Did the Supreme Court open the door to free speech or corruption?
Last week, President Barack Obama denounced the U.S. Supreme Court’s relaxing of campaign contribution limits on his way to a $32,000-a-plate fundraiser in Chicago. Though Obama and other Democrats have condemned the decision in McCutcheon v. Federal Election Commission, the ruling deals with just one narrow aspect of campaign contributions. The court took away the limit on the number of political candidates to whom a donor can give, but the limit on how much a person can donate to an individual candidate remains.
Plaintiff Shawn McCutcheon wanted to give money to more candidates than the law allowed. He could contribute the maximum legal amount to nine candidates, but not a 10th because of the aggregate cap rule.
Chief Justice John Roberts defined the issue this way: “The concern is you have somebody who is very interested, say, in environmental regulation and very interested in gun control. The current system, the way the anti-aggregation system works, is he’s got to choose. Is he going to express his belief in environmental regulation by donating to more than nine people there? Or is he going to choose the gun-control issue?”

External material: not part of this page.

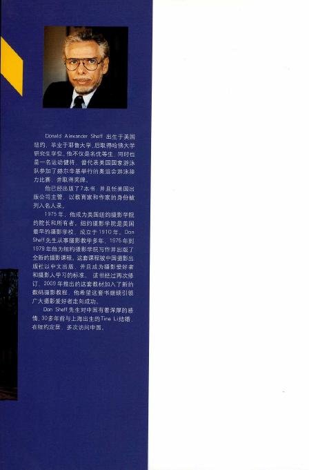 Donald Alexander Sheff出生于美国纽约,毕业于耶鲁大学,后取得哈佛大学研究生学位。他不仅是名优等生,同时也是一名运动健将,曾代表美国国家游泳队参加了赫尔辛基举行的奥运会游泳接力比赛,并取得奖牌。 他已经出版了7本书,并且任美国出版公司主管,以教育家和作家的身份被列入名人录。 1975年,他成为美国纽约摄影学院的院长和所有者,纽约摄影学院是美国最早的摄影学校,成立于1910年。Don Sheff先生从事摄影教学多年,1975年到1979年他为纽约摄影学院写作并出版了全新的摄影课程。这套课程被中国摄影出版社以中文出版,并且成为摄影爱好者和摄影人学习的标准。该书经过两次修订,2009年推出的这套教材加入了新的数码摄影教程,他希望这套书继续引领广大摄影爱好者走向成功。 Don Shelf先生对中国有着深厚的感情,30多年前与上海出生的Tina Ll结婚,在纽约定居,多次访问中国。

The nine-candidate limit is arbitrary in one sense. But the worldview behind it emphasizes the corrupting influence of campaign money. It’s an evil to be regulated, the impetus behind campaign finance laws to begin with.
There is tension between stopping corruption—people paying for political favors—and freedom of speech for donors to send dollars to the politicians of their choosing. The majority of the court said restricting how much a donor can give to one candidate protects against buying political favors. There’s an established, compelling government interest in that protection.
But restricting the total amount given to several candidates makes no sense, the court ruled. In the majority opinion, justices jabbed at the media, saying, “The government may no more restrict how many candidates or causes a donor may support than it may tell a newspaper how many candidates it may endorse.”
The dissenting justices—Stephen Breyer, Sonia Sotomayor, Ruth Bader Ginsberg, and Elena Kagan—said the decision eviscerates campaign-finance laws. They called McCutcheon the evil twin to a 2010 campaign-finance decision in Citizens United v. Federal Election Commission, which ruled against the regulation of corporate donations to candidates.
Corruption is more than a bribe between a donor and a candidate, the dissenting justices argued. It can come in the form of “privileged access” to and influence upon elected representatives. But many institutions—media, unions, and interest groups, to name a few—can gain privileged access, not just individuals. And no one has offered an example of an individual’s contributions to multiple candidates causing corruption. The government’s case for limiting the number of candidates an individual can support suggested horrible things that might happen. But most states don’t have a cap on total giving, and no horror stories have come from them.
Lynde Langdon contributed to this report.